Operating expenses increased 18.5% year-over-year, largely driven by investments in sales & marketing, technology development, and general & administrative functions. The company also incurred additional costs related to the acquisitions of Cheq and SB Software.

For the six-month period ended December 31, 2024, Cantaloupe reported the following:

Metric YTD 2024 YTD 2023 Change
Revenues $144.6 million $128.0 million +13.0%
Gross Profit $55.6 million $45.0 million +23.4%
Gross Margin 38.4% 35.2% +3.2 pts
Adjusted EBITDA $19.6 million $16.3 million +20.2%

The year-to-date results show continued strong growth in revenue, profitability, and operational efficiency. Subscription and transaction fees increased 14.8% compared to the prior year period, while equipment sales declined 7.1%.

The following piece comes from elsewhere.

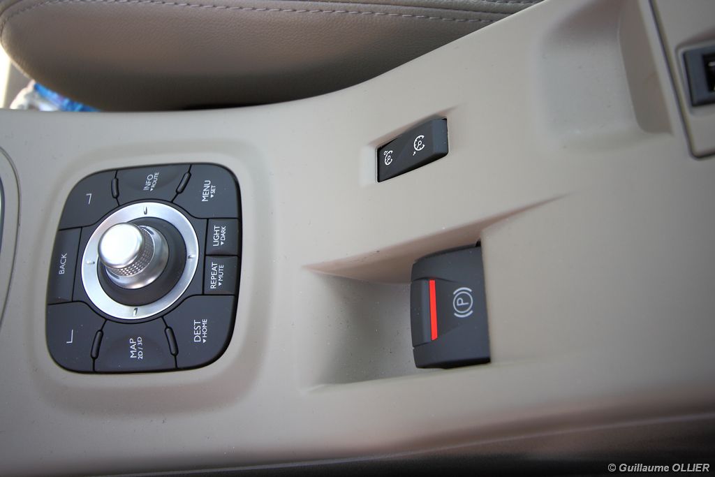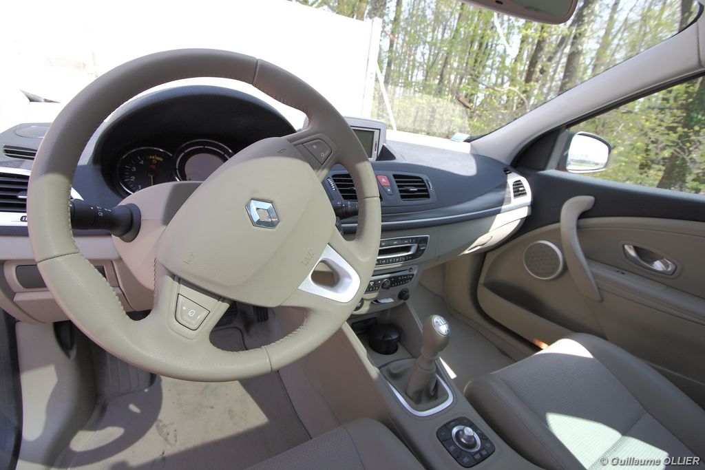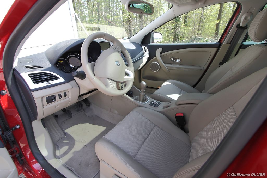 L’intérieur est plutôt soigné, et la console centrale qui parait classique et très agréable. La finition est en net progrès, mais avec encore des reproches notamment au niveau des ajustements, et des inserts au rendu trop plastique. Nous n’avons pas constaté de bruits parasites durant notre essai. Les compteurs sont très réussis, et offrent une bonne visibilité. La carte main libre, tout comme le frein à main électrique sont vraiment un plus sur le plan technologique, et certaines personnes auront du mal à s’en passer. La climatisation offre trois modes de régulation : soft, auto, et fast. Elle est très efficace. Côté multimédia, nous avons apprécié la possibilité de pouvoir connecter une clé USB afin d’écouter de la musique, ou encore même via le streaming Bluetooth ! A noter que l’iPod est compatible, ce qui n’est pas le cas chez les autres constructeurs français. En revanche la Mégane souffre d’un manque de simplicité pour ce qui est de l’ergonomie, les commandes sous le volant sont bien trop nombreuses. On se consolera avec l’excellent GPS Tomtom,

Analysis of Strengths and Weaknesses

Strengths:

  • Diversified revenue streams: Cantaloupe generates a majority of its revenue from high-margin subscription and transaction fees, reducing reliance on lower-margin equipment sales.
  • Expanding customer base: The company has grown its active devices by 3.5% and active customers by 9.6% year-over-year, demonstrating its ability to acquire new business.
  • Improving operational efficiency: Gross margins have expanded by 4 percentage points, indicating the company is effectively managing its costs.
  • Inorganic growth: The acquisitions of Cheq and SB Software have contributed to Cantaloupe’s revenue and customer growth.

Weaknesses:

  • Rising operating expenses: While revenue and profitability are increasing, operating expenses have grown at a faster rate, putting pressure on the company’s bottom line.
  • Reliance on acquisitions: A significant portion of Cantaloupe’s recent growth has come from M&A activity, which carries integration risks and may not be sustainable long-term.
  • Exposure to macroeconomic conditions: As a provider of discretionary services, Cantaloupe’s business could be impacted by a potential economic downturn affecting consumer spending.

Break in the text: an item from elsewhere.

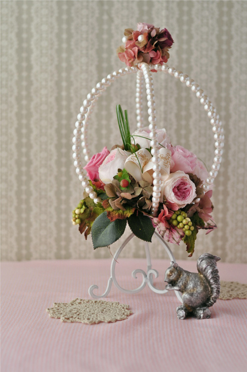 パールビーズの籠の中に数種類のピンクローズをアレンジしました。
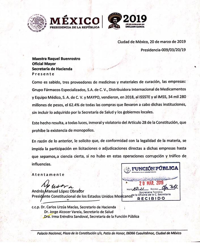 El presidente Andrés Manuel López Obrador envió un oficio a Raquel Buenrostro, Oficial Mayor de la Secretaría de Hacienda, para que se impida la participación en licitaciones o adjudicaciones directas a tres empresas proveedoras de medicinas y materiales de curación por posibles actos de corrupción o tráfico de influencias.

Outlook and Future Prospects

Cantaloupe appears well-positioned for continued growth in the self-service commerce market. The company’s diversified revenue streams, expanding customer base, and focus on innovation position it as a leader in the industry. However, the company will need to carefully manage its operating expenses to maintain profitability as it scales.

The recent acquisitions of Cheq and SB Software provide opportunities for Cantaloupe to cross-sell its solutions and expand its geographic reach. The launch of new initiatives like the AdVantage advertising program and Smart Store solutions also demonstrate the company’s ability to identify and capitalize on emerging market trends.

That said, Cantaloupe’s reliance on M&A and exposure to macroeconomic conditions could present risks going forward. The company will need to balance its inorganic growth strategy with organic initiatives to drive sustainable long-term expansion.

Overall, Cantaloupe appears to be executing well on its strategy and delivering strong financial results. However, investors should closely monitor the company’s ability to manage costs and integrate new acquisitions effectively as it continues to scale.